Featured in Fringe Art Magazine, Issue 34, Spring '13
6 Pieces by Tracy Levesque
From the Paradise City Marlborough Spring Guide 2013
From the Melrose ARTISTS Talk blog posted March 21, 2013
The shared thoughts and artwork of Tracy Levesque.
Tracy is a visiting artist from Lowell, MA. Her work will be on exhibit at the Melrose Arts Festival on April 26-28, 2013.
Q. What does Art mean to you?
Art is life itself in its truest expression. Nature is constantly creating, evolving and changing and so is art. As human beings we can’t help but respond to the changes we see going on around us and recreate them in our own little universes. An artist embodies this creation on a very small and individual scale in comparison to nature, but I think art is a very innate expression for human beings. Creativity is as natural as breathing and as essential.
Q. What role did art play in your life as a child?
Art was (and still is) to me what Oz was to Dorothy and what Wonderland was to Alice – a wonderful world completely of my own creation.
Q. As a self-taught artist, how did you develop your talent and artistic perspective?
I grew up in a creative environment where drawing and making things were the normal everyday activities. My parents and grandparents encouraged my sisters and I to read, draw, use our imaginations and spend time outdoors playing in and observing nature. I was always in love with the magic of our world; the uniqueness of people’s faces, the beauty and color in their expressions, landscapes and trees and of course, the mystical moon. I practiced painting these things over and over until I found my own way of seeing. Later, I read every book I could find on the technical aspects of drawing and painting as my interest in the arts grew. I also asked working artists lots of questions on technique and process. I researched the work of artists I loved and started to understand where and how inspiration could be funneled into technique. Experience, in the end, is always the best teacher. Life takes us all on an amazing journey and we can pick choose what we let into our own personal world and as an artist, this is the most important part of the process. Life, more than any school, technique or person, is ultimately what makes an artist.
Q. How do you interpret life through your art?
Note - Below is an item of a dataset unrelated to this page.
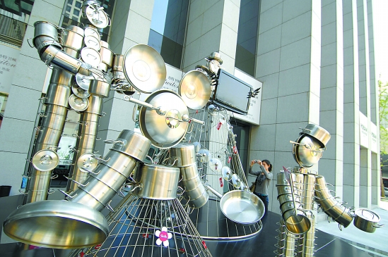 杭州商家国庆促销出新招,锅盆摆成“厨具人”。 据新华社

I use the color, texture and line to evoke and emotional response from the viewer. People have a strong reaction to bright color – it truly makes them feel happy. I use the line and texture to draw them in – they follow the lines and get lost in the textures. It makes them think about what they are looking at because even though they may know what it is, it’s a fresh and rather unconventional interpretation that sparks their imagination.
Q. Through the capture of nature and life, your paintings balance fantasy with reality? What influenced this?
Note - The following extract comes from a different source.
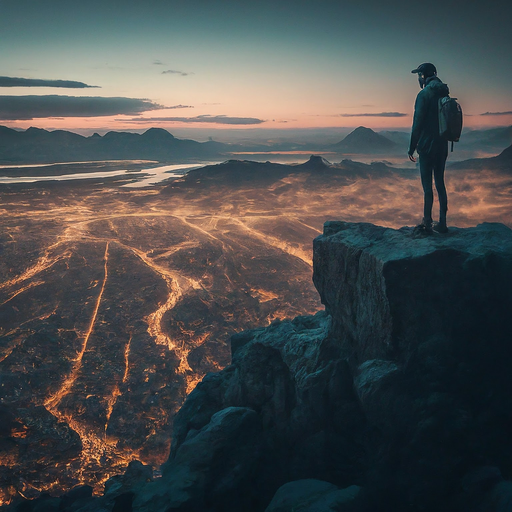 A lone adventurer stands on a precipice, gazing out at a desolate landscape bathed in an otherworldly glow. The dramatic contrast between the solitary figure and the fiery expanse evokes a sense of loneliness, epic scale, and adventurous spirit.

We all love to dream, but no matter how fantastical the dream, it’s always rooted in reality. I started out as a realistic artist staying close to the traditional interpretations of landscape and portraiture, but over time this process evolved organically and I moved further away from realism into the kind of work I do now. I think it’s important to learn to draw things properly in the beginning and be true to nature before you find your own voice. I believe realism is important in the sense that people need to recognize what they are looking at in a painting, but I think that is all that is necessary. I have always loved to read and I think that has influenced my work a great deal. I love telling stories through my work and inspiring people to see something special in everything. Like I said before, people like to dream, they like to be happy and be surrounded by beauty and I think when a person looks at a painting they should be completely whisked away into an enchanted world filled with magic. Reality is everywhere and too much so nowadays, so it’s important that a painting should take you back to your imagination. For instance, I paint a lot of birch trees and people always know that they are looking at birch trees but then, they find something else there between the expressive lines and exaggerated colors – they find a personal memory or a place they once knew and they are happy. I feel the same thing when I paint. I love these beautiful places that the world is full of and I want to share them with the world.
Q. Your work displays an importance to lines and abstract shapes. How do you relate this to what you are capturing?
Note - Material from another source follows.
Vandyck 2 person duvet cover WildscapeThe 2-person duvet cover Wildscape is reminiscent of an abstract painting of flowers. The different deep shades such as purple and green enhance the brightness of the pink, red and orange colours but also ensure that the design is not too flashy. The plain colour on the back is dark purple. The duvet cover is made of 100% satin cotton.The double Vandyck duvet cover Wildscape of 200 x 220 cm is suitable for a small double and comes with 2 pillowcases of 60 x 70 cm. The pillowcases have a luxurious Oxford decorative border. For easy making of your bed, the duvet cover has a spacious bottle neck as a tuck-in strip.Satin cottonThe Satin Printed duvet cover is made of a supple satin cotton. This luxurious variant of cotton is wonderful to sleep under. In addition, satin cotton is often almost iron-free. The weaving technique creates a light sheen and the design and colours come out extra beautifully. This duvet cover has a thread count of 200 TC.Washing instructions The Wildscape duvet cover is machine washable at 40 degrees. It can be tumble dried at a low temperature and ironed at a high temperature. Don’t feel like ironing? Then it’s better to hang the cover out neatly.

If you look close enough at nature, everything has texture and is abstracted in a way. Leaves become seas of color and tree bark transforms into geometrical patterns climbing towards the sky. When you are standing in a forest all your senses come into play, not just your eyes – you smell things, feel things and hear things. A two-dimensional painting needs to be exaggerated to recreate this kind of sensation, so my work tends towards a more tactile representation. I use a painting knife and thick impasto paint juxtaposed against smooth brushwork to evoke this kind of response. I want to capture the flavor of he visual feast so I exaggerate and play with visual representation quite a bit.
Q. What importance does your work hold in your life?
My work is paramount in my life. I truly love what I do and I am always working towards improving my abilities and understanding of my craft.